O ministro do Supremo Tribunal Federal (STF) André Mendonça deve ouvir, na próxima terça-feira (8), o empresário Antonio Carlos Freixo Júnior, conhecido como “Mineiro”, que firmou um acordo de delação premiada com a Procuradoria-Geral da República (PGR). A colaboração trata de supostos repasses feitos pelo empresário Daniel Vorcaro para financiar o filme “Dark Horse”, cinebiografia do ex-presidente Jair Bolsonaro (PL).

A audiência será realizada no gabinete de Mendonça e tem como objetivo verificar se Freixo Júnior aderiu voluntariamente ao acordo firmado com a PGR. A oitiva faz parte do procedimento necessário para que o ministro avalie a possibilidade de homologar a delação.

A informação foi inicialmente divulgada pelo jornal O Globo e posteriormente confirmada pelo SBT News. Durante a audiência, Mendonça deverá analisar as circunstâncias em que a colaboração foi firmada, além dos termos apresentados pela defesa e pelo Ministério Público.

Freixo Júnior é proprietário da empresa Entre Investimentos e Participações, que, segundo as investigações, teria sido utilizada para operacionalizar os repasses de recursos atribuídos a Daniel Vorcaro destinados à produção do filme. Os pagamentos teriam ocorrido depois de uma solicitação feita pelo senador Flávio Bolsonaro (PL-RJ), que também é candidato à Presidência da República.

O empresário passou a ser investigado no âmbito da Operação Compliance Zero, que apura suspeitas de irregularidades relacionadas ao Banco Master e a operações envolvendo Daniel Vorcaro, ex-controlador da instituição financeira. A Entre Investimentos e Participações foi alvo de uma operação de busca e apreensão durante as investigações.

A delação premiada é um mecanismo utilizado pela Justiça e pelos órgãos de investigação para obter informações, documentos e outros elementos que possam contribuir para o esclarecimento de crimes. Em troca, o colaborador pode receber benefícios previstos na legislação e no próprio acordo, desde que cumpra as obrigações estabelecidas e que a colaboração seja posteriormente validada pela Justiça.

No caso de Freixo Júnior, caberá a André Mendonça verificar se a colaboração foi realizada de maneira espontânea e sem qualquer tipo de coação. O ministro também deverá avaliar os termos do acordo e os elementos apresentados pelo empresário, além de verificar se as informações fornecidas podem contribuir efetivamente para o avanço das investigações.
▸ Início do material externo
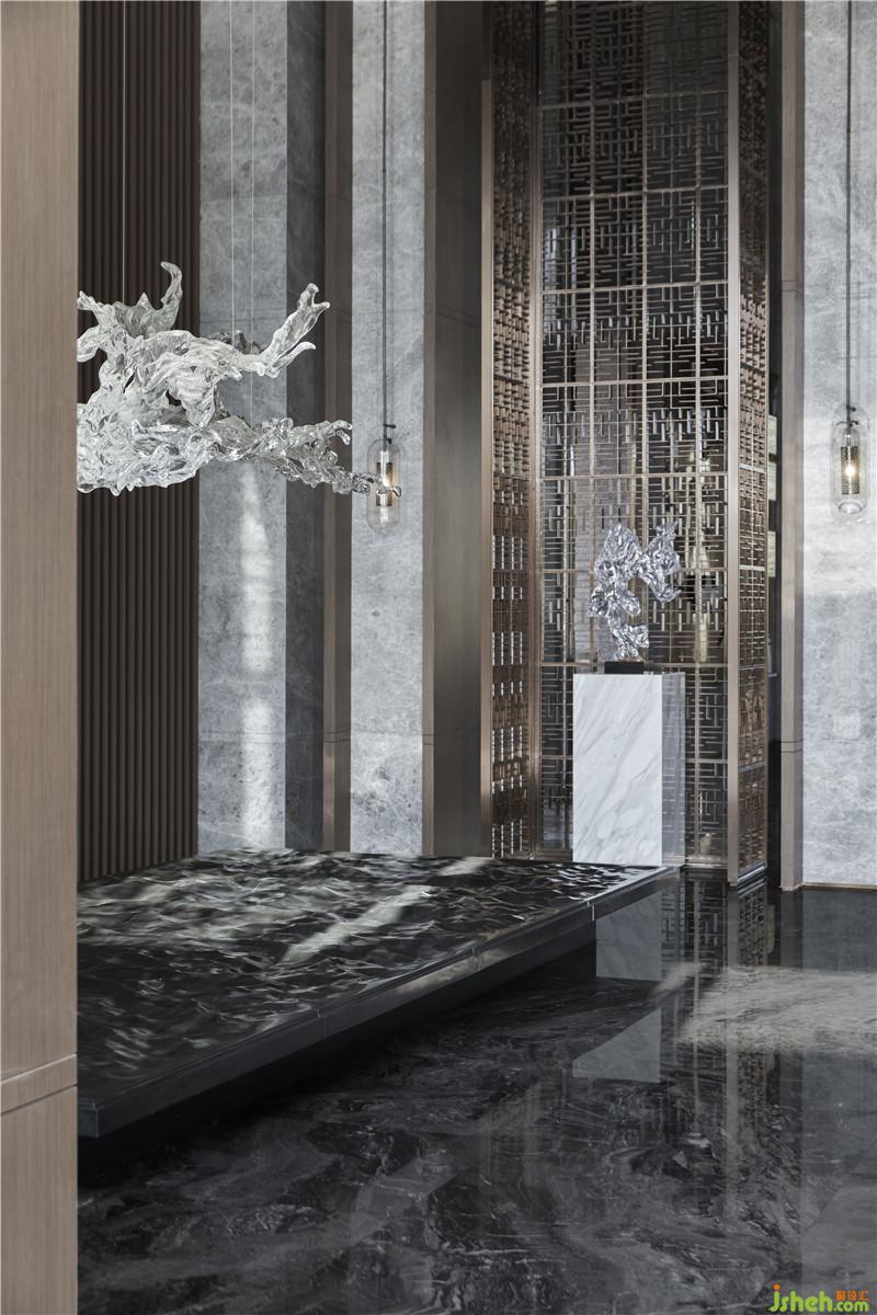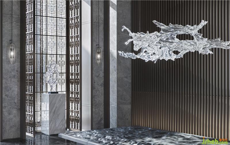 售楼处的入口被掩藏在一片植株与水景交错的景观中,踏上一段泉水涌动、山石成景的小路,一侧落地玻璃窗内是与外界产生对话的VIP洽谈区——从一开始的门庭空间,访客便能获得惊喜的体验感,“当我们站在桥上,与室内隔水相望,感官上就已经被快速带入一个全新的、画卷般的空间内。”EH DESIGN GROUP易和设计集团设计总监马辉把这种感受形容为情绪的酝酿,“室内设计与前厅之间的联结,为感官的容器慢慢注入情绪,仿佛踱步于山石园林间。”
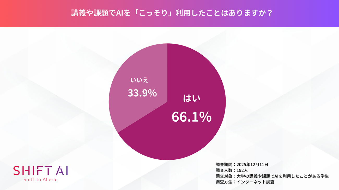 SHIFT AIは、大学の講義や課題でのAI利用経験がある全国の学生(大学・大学院・短大・専門学校)300名を対象に実施した、「AIを学校の講義や課題にこっそり利用」に関する調査の結果を2025年12月29日に発表した。同調査は、2025年12月11日に行われている。

A homologação não significa, por si só, que todas as informações apresentadas pelo colaborador sejam consideradas verdadeiras. Os relatos, documentos e demais elementos entregues às autoridades ainda podem ser analisados e confrontados com outras provas produzidas durante as investigações.
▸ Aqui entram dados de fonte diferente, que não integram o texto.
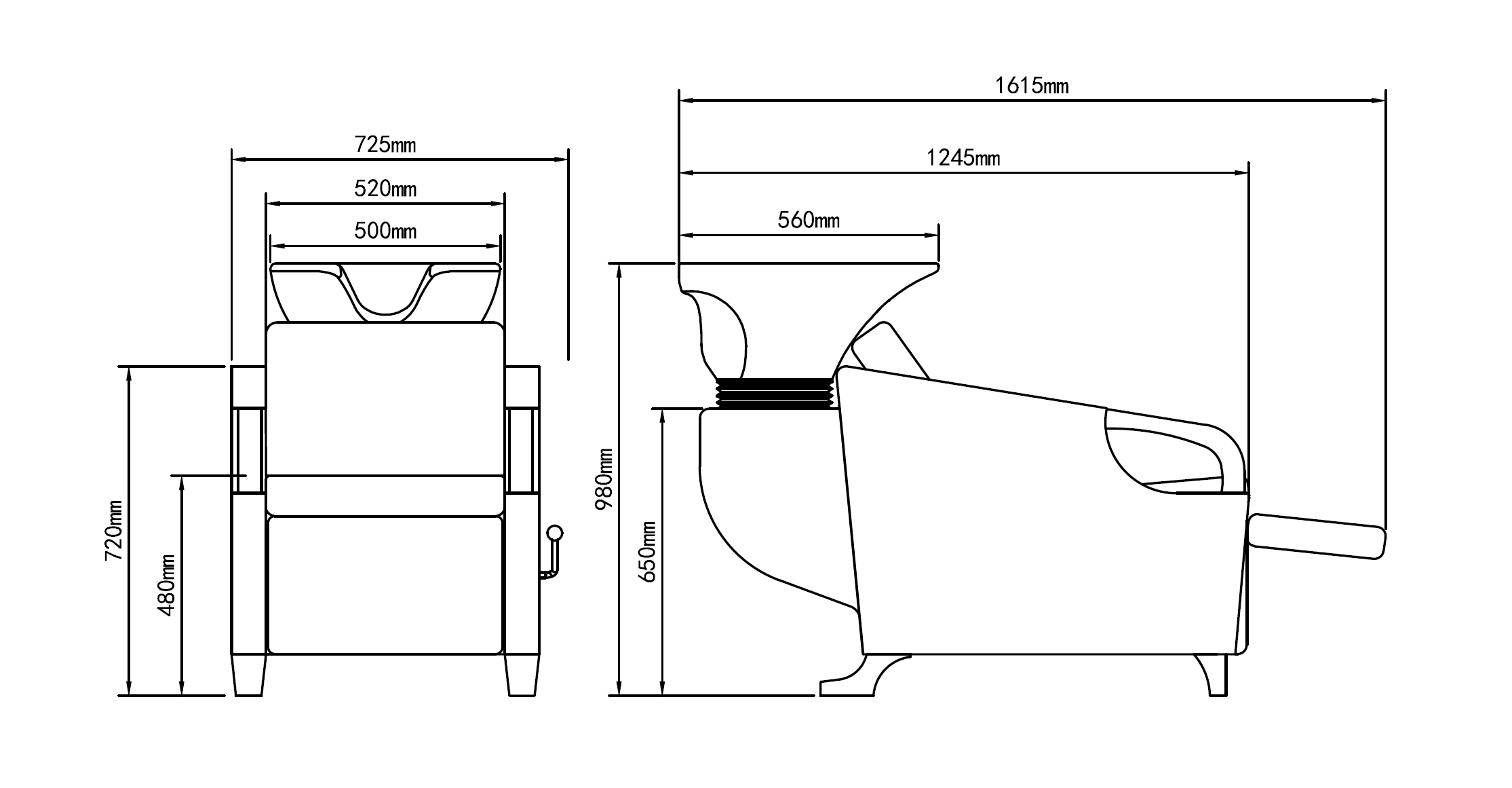 - Tilting Porcelain Shampoo Bowl with Complete Hardware Set

O caso está relacionado às apurações que envolvem Daniel Vorcaro e o Banco Master, que passaram a ser alvo de diferentes medidas investigativas. A possível relação entre recursos atribuídos ao empresário e a produção do filme “Dark Horse” também entrou no radar das autoridades.

Com a audiência marcada para terça-feira, a expectativa é de que Mendonça tenha os primeiros elementos necessários para decidir sobre a homologação do acordo de delação firmado entre Freixo Júnior e a PGR. Até que haja uma eventual decisão judicial, os termos da colaboração permanecem sob análise do Supremo Tribunal Federal.